**What you will do**.
For this exercise, write out only the lines of the entries below from the one with "Záznamová kniha MFP" up to and including the one with "非常滿意術後成果~做完臉上有", exactly as they are. Pictures stay out.

**Materials provided**.
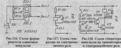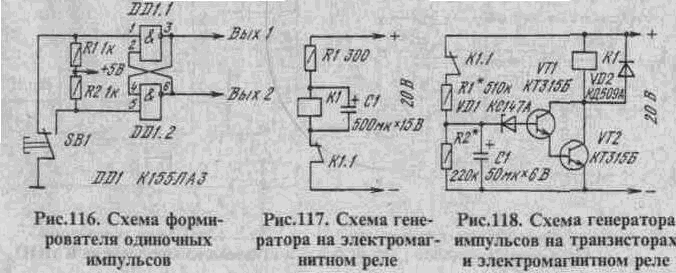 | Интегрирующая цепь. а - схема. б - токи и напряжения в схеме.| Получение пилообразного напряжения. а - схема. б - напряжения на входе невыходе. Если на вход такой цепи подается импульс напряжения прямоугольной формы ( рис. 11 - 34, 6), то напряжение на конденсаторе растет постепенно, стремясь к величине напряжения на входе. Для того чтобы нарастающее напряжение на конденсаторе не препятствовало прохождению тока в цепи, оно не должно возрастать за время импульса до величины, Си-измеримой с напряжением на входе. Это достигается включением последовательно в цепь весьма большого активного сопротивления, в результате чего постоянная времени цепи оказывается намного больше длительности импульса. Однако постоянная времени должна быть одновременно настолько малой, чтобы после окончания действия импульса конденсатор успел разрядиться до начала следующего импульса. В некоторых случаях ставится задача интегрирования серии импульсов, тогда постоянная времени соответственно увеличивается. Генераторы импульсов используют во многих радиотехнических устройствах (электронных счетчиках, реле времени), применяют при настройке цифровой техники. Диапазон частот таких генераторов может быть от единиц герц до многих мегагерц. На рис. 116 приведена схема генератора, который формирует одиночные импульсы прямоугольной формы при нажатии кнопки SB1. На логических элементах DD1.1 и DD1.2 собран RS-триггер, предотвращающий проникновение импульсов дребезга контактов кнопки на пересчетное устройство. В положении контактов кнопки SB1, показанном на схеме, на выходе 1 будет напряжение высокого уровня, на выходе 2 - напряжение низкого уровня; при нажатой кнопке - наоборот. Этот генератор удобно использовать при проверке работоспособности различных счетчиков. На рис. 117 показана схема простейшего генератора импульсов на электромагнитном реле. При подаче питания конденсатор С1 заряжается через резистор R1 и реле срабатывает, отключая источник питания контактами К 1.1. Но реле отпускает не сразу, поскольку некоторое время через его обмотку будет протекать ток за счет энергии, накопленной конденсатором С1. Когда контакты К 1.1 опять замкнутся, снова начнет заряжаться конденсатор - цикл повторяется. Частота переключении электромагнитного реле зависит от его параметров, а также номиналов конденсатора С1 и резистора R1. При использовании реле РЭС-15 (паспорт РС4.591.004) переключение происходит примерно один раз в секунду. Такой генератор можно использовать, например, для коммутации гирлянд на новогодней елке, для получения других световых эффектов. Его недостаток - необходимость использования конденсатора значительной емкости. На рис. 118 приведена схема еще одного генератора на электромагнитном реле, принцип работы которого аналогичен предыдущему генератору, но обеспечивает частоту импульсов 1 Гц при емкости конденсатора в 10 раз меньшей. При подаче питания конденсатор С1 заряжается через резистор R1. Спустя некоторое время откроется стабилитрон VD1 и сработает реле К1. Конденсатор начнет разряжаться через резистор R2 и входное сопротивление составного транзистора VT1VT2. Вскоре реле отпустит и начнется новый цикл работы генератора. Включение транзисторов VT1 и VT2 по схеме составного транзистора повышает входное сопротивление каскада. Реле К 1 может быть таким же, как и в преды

...

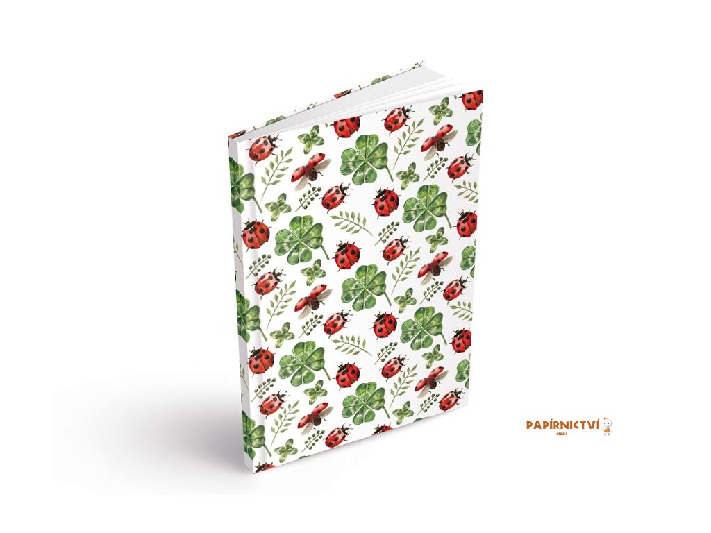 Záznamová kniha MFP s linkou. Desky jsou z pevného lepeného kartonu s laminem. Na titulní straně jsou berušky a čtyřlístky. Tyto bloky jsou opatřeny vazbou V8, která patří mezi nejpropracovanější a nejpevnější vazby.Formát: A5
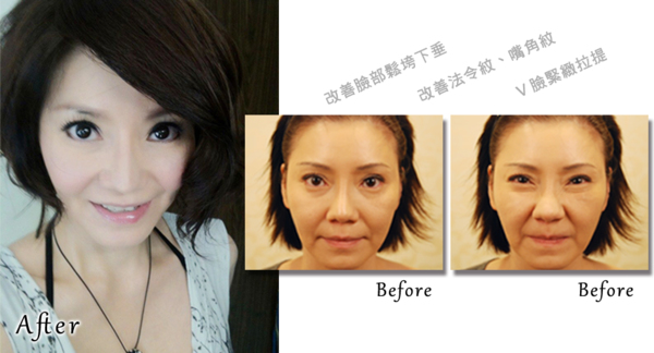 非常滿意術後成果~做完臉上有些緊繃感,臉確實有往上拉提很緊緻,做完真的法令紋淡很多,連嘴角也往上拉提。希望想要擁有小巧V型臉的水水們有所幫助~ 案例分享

**Written solution**.
 Záznamová kniha MFP s linkou. Desky jsou z pevného lepeného kartonu s laminem. Na titulní straně jsou berušky a čtyřlístky. Tyto bloky jsou opatřeny vazbou V8, která patří mezi nejpropracovanější a nejpevnější vazby.Formát: A5
 非常滿意術後成果~做完臉上有些緊繃感,臉確實有往上拉提很緊緻,做完真的法令紋淡很多,連嘴角也往上拉提。希望想要擁有小巧V型臉的水水們有所幫助~ 案例分享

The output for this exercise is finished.